Postoperative Analgesia for Eye Surgery

ArticleLast Updated March 20142 min read

With eye enucleation, it is critical to control postoperative pain in patients to prevent postoperative complications from face rubbing or self-mutilation. This study compared lidocaine–bupivacaine retrobulbar injections given before enucleation vs lidocaine–bupivacaine infused gelatin hemostatic sponges in the orbit after enucleation for management of postoperative pain. Premedication consisted of hydromorphone, midazolam, and glycopyrrolate. Postextubation pain scores, recorded intermittently for the first 24 hours, were compared with preoperative pain scores. Significant differences were noted with respect to comfort level, response to touch, heart rate, and pain score in individual dogs over time; however, there was no significant difference between groups. One of 8 dogs in the absorbable gelatin hemostatic sponge group required rescue analgesia and none was required in the injection group (n = 11).

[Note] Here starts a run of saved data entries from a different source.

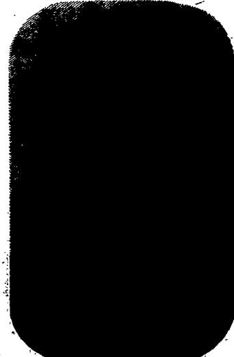
BISHOP O'MEARA world will be on exhibit in the main seminary corridor throughout the day.

Displays of artifacts from mission areas around the
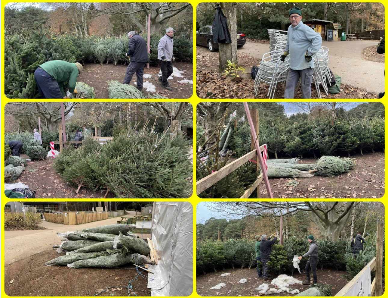
Tuesday 30th November 2021 – Rushmere Fence Repair
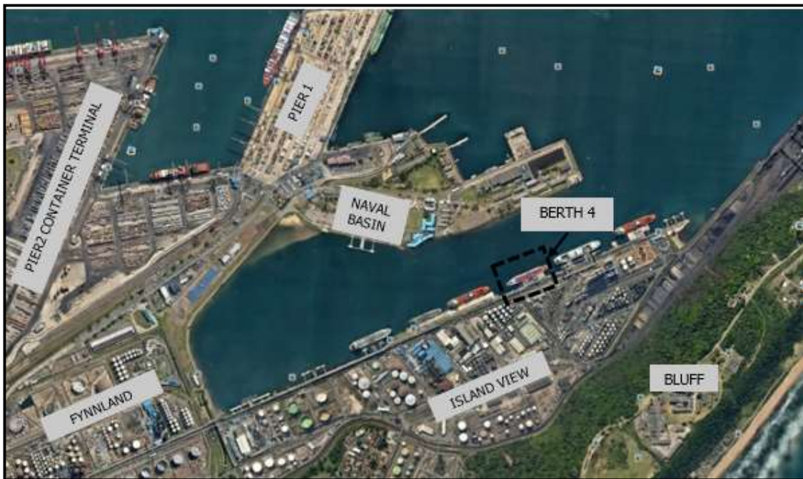
Figure 1: Aerial View of the Island View Berth 4 and surrounding areas

Island View Berth 4 is located in the Port of Durban within the Island View Precinct. The Berth is a chemical berth. The berth is classified as a zone 1 hazardous area. The structure comprises of two mooring dolphins on either side which was built prior to 1952. The dolphins were later conjoined with a 150 millimetre thick deck on pile concrete structure which was constructed in 1986.
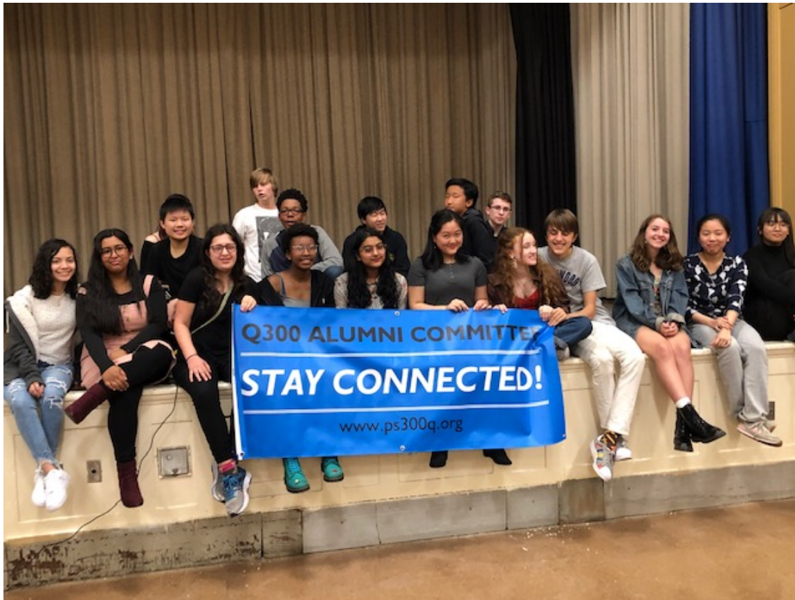
Q300 Alumni visit Upper Division students in May.

A panel of Q300 graduates returned to the school last month to offer advice to current students. Their message: it's all about balance. Challenge yourself, but don't burn yourself out. Join lots of clubs, but be ready to drop those that are not a good fit. Be open to new friendships, but avoid bad influences.
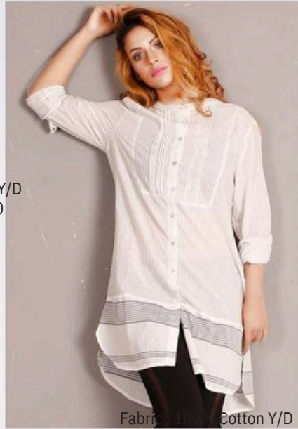
Fabric : 100% Cotton Y/D 60 X 1/ 60 X 1, 90 X 88 85 GSM
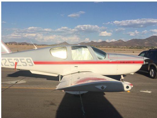
Socata TB-10 Cabin HeatShields

Windshield Heatshields are interior sunshades for an aircraft's front windshield. The product is a unique composite of closed-cell foam with a silver mylar finish. The semi-rigid design is stiff enough to stand along the inside of the windshield using sun visors or window framing. It folds up flat and easily stores in the included storage sleeve. Some designs may require velcro and suction cups or split right and left sides. A Heatshield is an excellent short-term remedy for cockpit overheating. An external fabric cover is far more effective and practical for long-term protection.
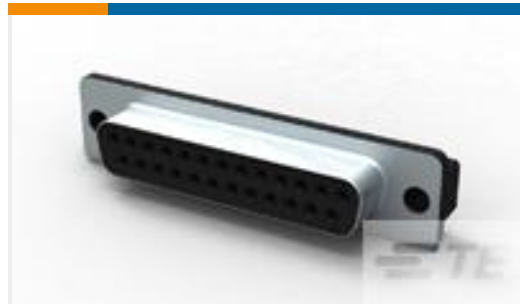
TE Part #5745967-2 25 RCPT SP/FMS STD
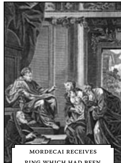
MORDECAI RECEIVES RING WHICH HAD BEEN GIVEN TO HAMAN
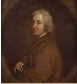
John Dryden The Longer Poems - Volume 2 "Errors like straws upon the surface flow. Who would search for pearls must dive below."
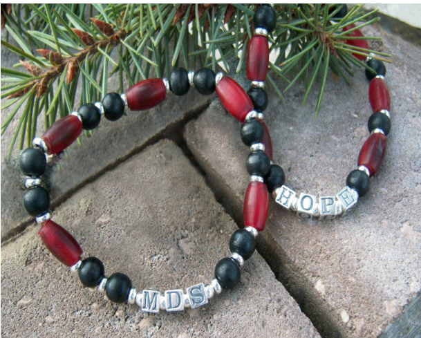
Men's Journey to Hope Bracelet
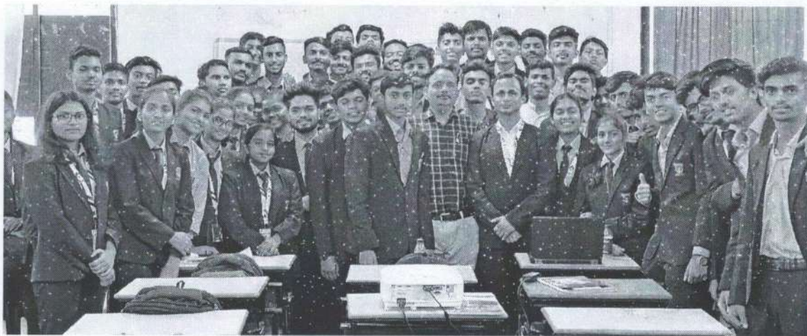
FE Students with the Speaker after the expert session
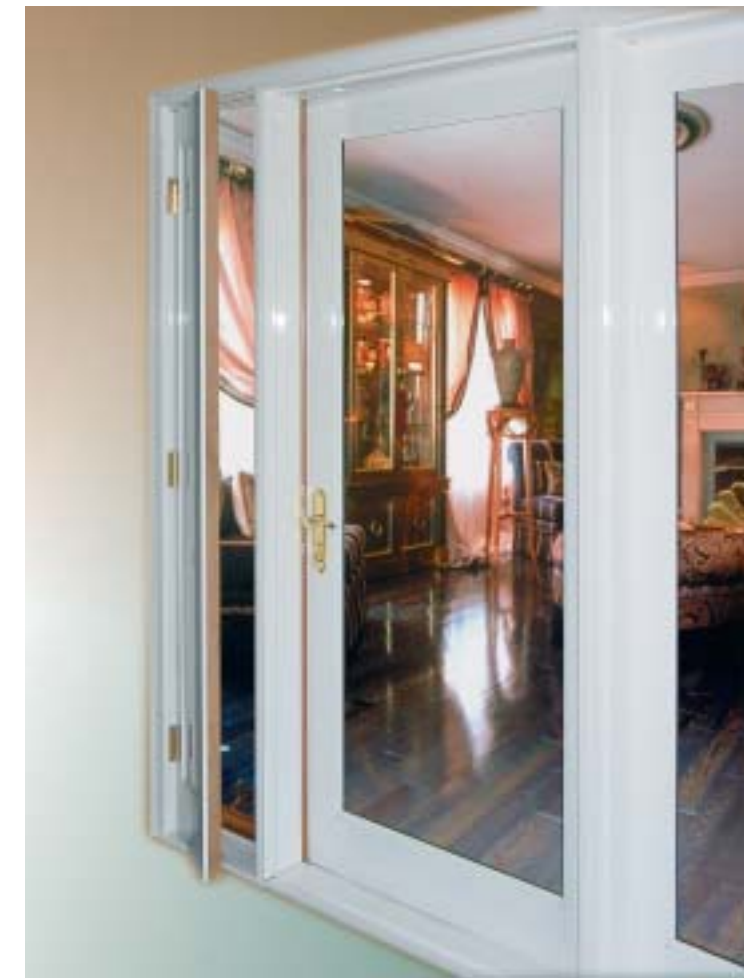
Series 2900 (inswing) • Series 2901 (outswing)
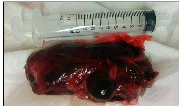
Figure-2: Mass as seen at the time of expulsion.

There were no postoperative complications.

Commentary

Perioperative analgesia’s impact on patient well-being extends beyond the immediate perioperative period. Thus, appropriate pain management is a critical component of any anesthetic plan. This study’s technique offers an easy-to-perform means of delivering local anesthetic to the orbit that would serve as a valuable tool for clinicians unfamiliar or uncomfortable with performing a retrobulbar block. The depot of local anesthetic in the orbit prevents the transmission and transduction of nociceptive input to the CNS. This, with opioid administration (and ideally an NSAID unless contraindicated), provides multimodal analgesia, allowing for the doses of the individual drugs to be reduced, decreasing the potential for any dose-dependent adverse effects while providing more effective analgesia than any one drug alone.—Martin Kennedy, DVM

Source

Use of lidocaine-bupivacaine-infused absorbable gelatin hemostatic sponges versus lidocaine-bupivacaine retrobulbar injections for postoperative analgesia following eye enucleation in dogs. Ploog CL, Swinger RL, Spade J, et al. JAVMA 244:57-62, 2013.